The next row in the systemd-analyze plot
output is for
system-systemd\x2dcryptsetup.slice
. The name illustrates
systemd's escaping convention: \x2d
is hexified ASCII for -
.
This gets used a lot and it makes the names hard to read, so for the
rest of this document I'm going to replace \x2d
by -
without
mentioning it further.
systemd-cryptsetup(8) says that systemd uses
systemd-cryptsetup-generator
to translate /etc/crypttab
into
units. Reading systemd-cryptsetup-generator(8), it mentions that it
also uses some kernel command line options with luks
in their
names, including the one that appears on my kernel command line:
rd.luks.uuid=luks-3acca984-01a3-4c67-b9c6-94433f667b88
The /etc/crypttab
in my initrd says:
luks-3acca984-01a3-4c67-b9c6-94433f667b88 /dev/disk/by-uuid/3acca984-01a3-4c67-b9c6-94433f667b88 none discard
Putting the device in both places appears to be "belt-and-suspenders"
redundancy, because rd.luks.uuid
is documented to "activate the
specified device as part of the boot process as if it was listed in
/etc/crypttab
".
Documentation for systemd-cryptsetup-generator
pointed to
systemd.generator(7).
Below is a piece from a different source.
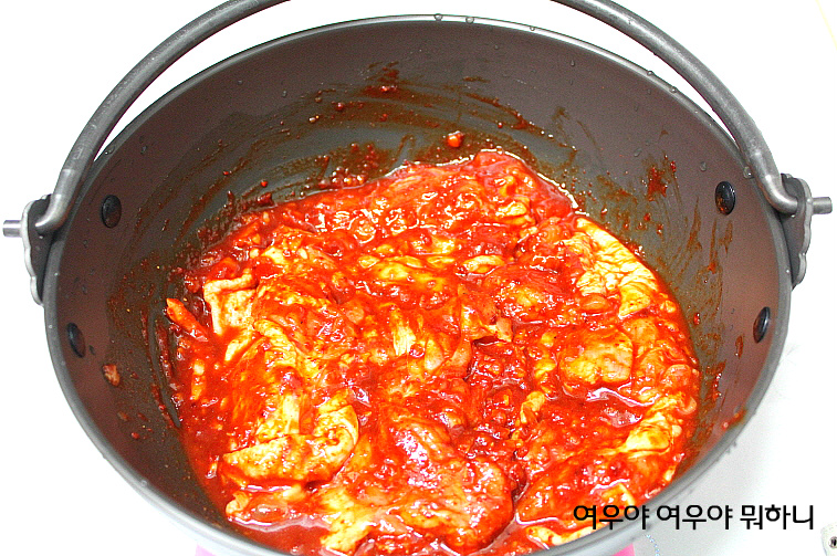 양념재운 전골냄비에서 그대로 조리하면 되는데요

This revealed that systemd has a general
concept of "generators", which are programs that run early in boot to
translate file formats foreign to systemd into units. The manpage
gave an example for debugging a generator, so I ran:
$ dir=$(mktemp -d) $ sudo SYSTEMD_LOG_LEVEL=debug /usr/lib/systemd/system-generators/systemd-cryptsetup-generator "$dir" "$dir" "$dir"
This generated a tree of directories and symlinks and some unit files.
The most interesting one was
systemd-cryptsetup@luks-3acca984-01a3-4c67-b9c6-94433f667b88.service
,
which contained, among other things:
ExecStart=/usr/lib/systemd/systemd-cryptsetup attach 'luks-3acca984-01a3-4c67-b9c6-94433f667b88' '/dev/disk/by-uuid/3acca984-01a3-4c67-b9c6-94433f667b88' 'none' 'discard' ExecStop=/usr/lib/systemd/systemd-cryptsetup detach 'luks-3acca984-01a3-4c67-b9c6-94433f667b88'
Looking around, the same file was in my running system in
/run/systemd/generator
, so that's presumably the place that
systemd keeps it at runtime.
I noticed that systemd-cgls
didn't list this slice, even though
the plot output showed it as living "forever". I found the --all
option to systemd-cgls
, for listing empty groups. With that, I
found the slice. Presumably, it could have new service units at
runtime if I connected a new encrypted disk, or as part of system
shutdown.
This service doesn't immediately prompt for the password. Bootup (from the initrd) continues.
The next row lists system-systemd-hibernate-resume.slice
.
This is for resume from hibernation. I don't use this feature, so I
didn't look any deeper.
The next three lines in the plot are all for journal sockets:
systemd-journald-audit.socket systemd-journald-dev-log.socket systemd-journald.socket
Each of these has a unit file in the initrd,
e.g. /usr/lib/systemd/system/systemd-journald.socket
. Each of
these unit files causes systemd to listen on a socket listed in the
file (e.g. as ListenStream=/run/systemd/journal/stdout
) and then
pass any accepted connections to systemd-journald
(because all of
them say Service=systemd-journald.service
). See systemd.socket(5)
for details.
The "journal" is what systemd calls the log. I don't know why it uses that name.
The next row is for systemd-vconsole-setup.service
.
systemd-vconsole-setup(8) documents that this reads
/etc/vconsole.conf
. In my initrd that file contains:
KEYMAP="us" FONT="eurlatgr"
The documentation says that kernel command-line options can override this file. Mine don't.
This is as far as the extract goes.